High CPU usage normal?

FMorsbach · October 4, 2022, 2:09pm

Hi there,

I have a question regarding the CPU usage when training with Opacus. I noticed that when training with Opacus the CPU usage explodes compared to non-private training. I am wondering whether this is expected or some kind of bug?

For example, when I train the simple MNIST example from the Github repo, my CPU usage spikes to 6000% (EPYC 7702P). Disabling training with DP cuts down CPU usage to 100%. I can observe similar behavior when training CIFAR10 with a small NN. However, I can confirm that the GPU is actually being utilized as data is being transferred there and GPU utilization increases.

It seems to be somewhat connected to the data loader: If I instead of using the “private” data loader returned from the PrivacyEngine, use the non-private data loader, this behavior is not apparent. I get that the private data loader does a Poisson sampling instead and also the privacy accounting is happening (presumable on the CPU), but does this really consumes that much CPU? Am I missing something?

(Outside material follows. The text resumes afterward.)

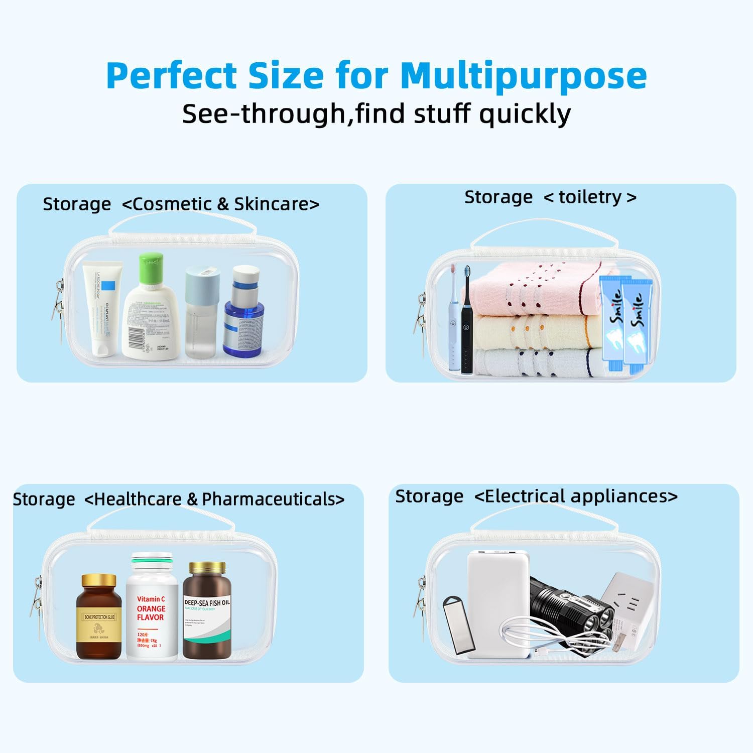 • Stackable & Large Capacity:Stackable Large Capacity Clear Storage Bin, offering a large storage capacity, Size: 7x4x2in. This bag easily accommodates all your toiletries, transforming packing into a stress-free task. A great tool for your suitcase or handbag, and as a organizer.

Is there maybe an overview somewhere, to see what steps of DP-SGD happens on the GPU and what happens on the CPU?

Best regards and thanks in advance!

pstock · October 5, 2022, 3:09pm

Hey FMorsbach,

Thanks for your interest and your detailed question. Higher CPU utilization would be expected when subclassing PyTorch dataloader, however I’m unable to gauge whether the numbers your report are in line with what to expect.

I would have two follow-up questions:

What about utilization if you still use the private dataloader but you disable Poisson sampling?
What about increasing/diminishing the number of workers (and what’s your current number of workers)?

Pierre

FMorsbach · October 7, 2022, 11:49am

Hi,

thanks for your reply!

One additional behavior I noticed (not sure if relevant), without any modification to the MNIST example, it spawns one thread per CPU core and fully utilizes all of them. This leads on a 64C128T CPU (7702P) to 6400% CPU usage with 64 threads, on a 10C20T (9900X) to 1000% with 10 threads.

But here are some numbers regarding your questions:

Non-Private Dataloader + num_workers=0 → 6400% CPU, ~60 it/s
Non-Private Dataloader + num_workers=1 → 200% CPU, ~105 it/s
Non-Private Dataloader + num_workers=5 → 250% CPU, ~105 it/s
Private Dataloader + num_workers=0 + poisson_sampling=True → 6400% CPU, ~55 it/s
Private Dataloader + num_workers=0 + poisson_sampling=False → 6400% CPU, ~60 it/s
Private Dataloader + num_workers=1 + poisson_sampling=True → 6400% CPU, ~105 it/s
Private Dataloader + num_workers=1 + poisson_sampling=False → 200% CPU, ~105 it/s
Private Dataloader + num_workers=5 + poisson_sampling=True → 6400% CPU, ~105 it/s
Private Dataloader + num_workers=5 + poisson_sampling=False → 250% CPU, ~105 it/s

From this, it seems like the poisson sampling is actually the major CPU hawk here. For further analysis I used 1 worker and poisson sampling as a baseline but limited the process to 1 CPU thread and still achieved ~75 it/s (so still ~75% of the performance). So apparently there is a benefit in allocating more CPU threads. With 8 CPU threads it already reached ~95/100 it/s. So to me it seems like it does scale with more threads, but not very good.

If I do not limit the CPU threads per process and start 4 trainings at the same time (so spawning 64*4 threads) each with a dedicated 3090, the it/s drops to 35/40 for each training. So there is also a problem when scaling to more than two GPUs per system (maybe per socket? I don’t have a dual socket system at hand for testing).

But in conclusion, I am still wondering how the number of threads for the poisson sampling is determined and if this much CPU is actually necessary or whether we could optimize this?

Best regards,
Felix

pstock · November 8, 2022, 9:30am

Hey Felix,

Thanks a ton for all the detailed measurements. From your analysis it clearly appears that poisson sampling is the bottleneck, independently of the number of workers.

After some digging, I think this may come from our implementation of UniformWithReplacementSampler. I think with secure_rng option on it should indeed be slow, did you activate this flag? Otherwise, the overhead still seems high to me.

Regarding scaling to more GPUs/threads, did you try out DistributedUniformWithReplacementSampler?

Hope this helps,
Pierre